12. The Department / Revenue has not appealed against the above finding / observation of the Tribunal. Hence, the contention of learned DR placing reliance on the section 5 of the Act is rejected. In light of the aforesaid reasoning and judicial pronouncements cited supra, we hold that the IUC charges do not qualify as royalty or FTS and hence is not taxable in India.

13. In the result, appeals filed by the assessee for Assessment Years 2013-14 and 2014-15 are partly allowed.

Pronounced in the open court on the date mentioned on the caption page.

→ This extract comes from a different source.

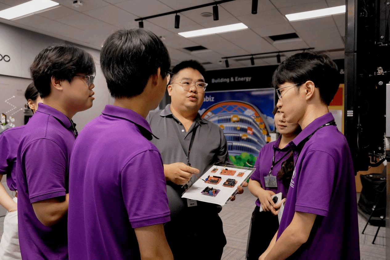 访学期间,重电学子深入感受了新加坡先进的职业教育模式。在ITE实训中心的参观学习中,AR/VR实训室内,学员们体验了虚拟仿真教学系统,这种沉浸式的学习方式让复杂的传感器、半导体原理变得直观可感。物联网实训中心里,电子资讯与通讯技术学院副院长Alex依托虚拟仿真教学平台Tinkercad,运用“AI+”项目式教学法,指导学员完成从信号采集到设备控制的闭环训练。特别值得一提的是,学员们还参观了新加坡环境保护与可持续发展展览馆,了解了新加坡在水资源循环利用、“垂直农场”等方面的创新实践。本次访学,通过“专业课程学习+社会实践调研+人文交流互鉴”的模式,使学员们更加深入且直观地了解了职业教育的前沿技术发展方向、相关产业生态的最新趋势以及创新科技的实际应用场景。
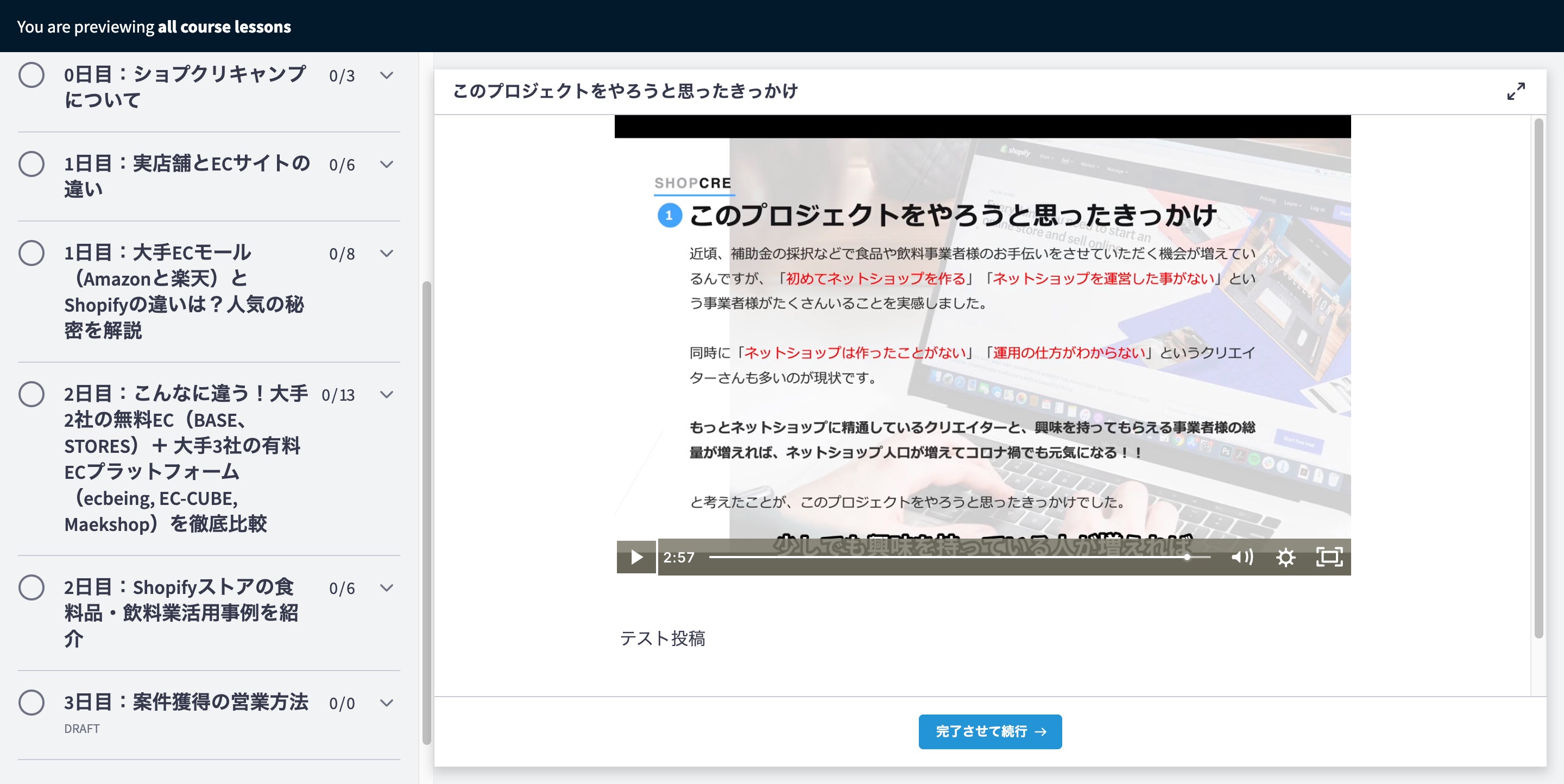 応援してくださってる方へご無沙汰しております!飲食業の応援×Shopify企画の発起人のスズコー、改めてコーです。最近日本本州でも冷え込んでますが、風邪などひいてませんか?遂に正式に発表します!ショプクリキャンプ公開が決まりました!ショプクリキャンプ公開が決まりました!ショプクリキャンプ公開が決まりました!(大事なことなんで3回言いました)というかむしろ。予定より遅れちゃってすみません。。。(ほんぎょうが(ry)本日は、「なにが他のスクールと違うの?」っていう所を簡単にご紹介できればと思います。❶飲食業特化→実際にサイトを作る&運営する対象の方は、架空の飲食店を経営されている方を想定した教材になってます。❷1コマ3分動画でわかりやすく解説→売れるサイトにするためのノウハウを「短い時間で、どこでも、いつでも」見れるようにショート動画で解説してます。短いので1分以内、長いので4分いかない尺の動画で解説。スマホでも閲覧できるので、移動中やお仕事の休憩中、隙間時間とかでも勉強しやすくなってます。❸0→1で案件獲得→周りの制作エンジニアやデザイナーを見渡すと、案件をどうやって取るのかわからない。困っているので知りたいっていう方が大勢いるのをみてきました。なので、結構営業に使えるための資料作りに時間をかけてます。たとえば、他のECモールの違いは?いろんなカートシステムとなにが違うの?事例も交えて解説しているレッスン日もあります。よろしければ、こちらの動画でも詳しく解説してますので、騙されたと思ってみていてくださいませ!https://youtu.be/vPrdEgGtfuQ*この動画のスポンサーになってくださった、スバキリ紹介様NoCodeCamp様よこさんゆうとさんこの場を借りて感謝申し上げます。一番最後の方、エンドロールに載せてますので^_^サービスLPでは、一部無料で公開しているレッスン動画も見ることもできますのでよろしければ!https://shopcrecamp.thinkific.com/本日は以上です。コー

                  Sd/-                                         Sd/-
      (LAXMI PRASAD SAHU)                           (GEORGE GEORGE K)
        Accountant Member                               Vice President

Bangalore.
Dated: 17.08.2023.
/NS/*
                                               IT(IT)A Nos.215 and 216/Bang/2023
                               Page 8 of 8



Copy to:

1.   Appellants 2.   Respondent
3.   DRP        4.   CIT
5.   CIT(A)     6.   DR, ITAT, Bangalore.
7.   Guard file
                                              By order


                                         Assistant Registrar,
                                         ITAT, Bangalore.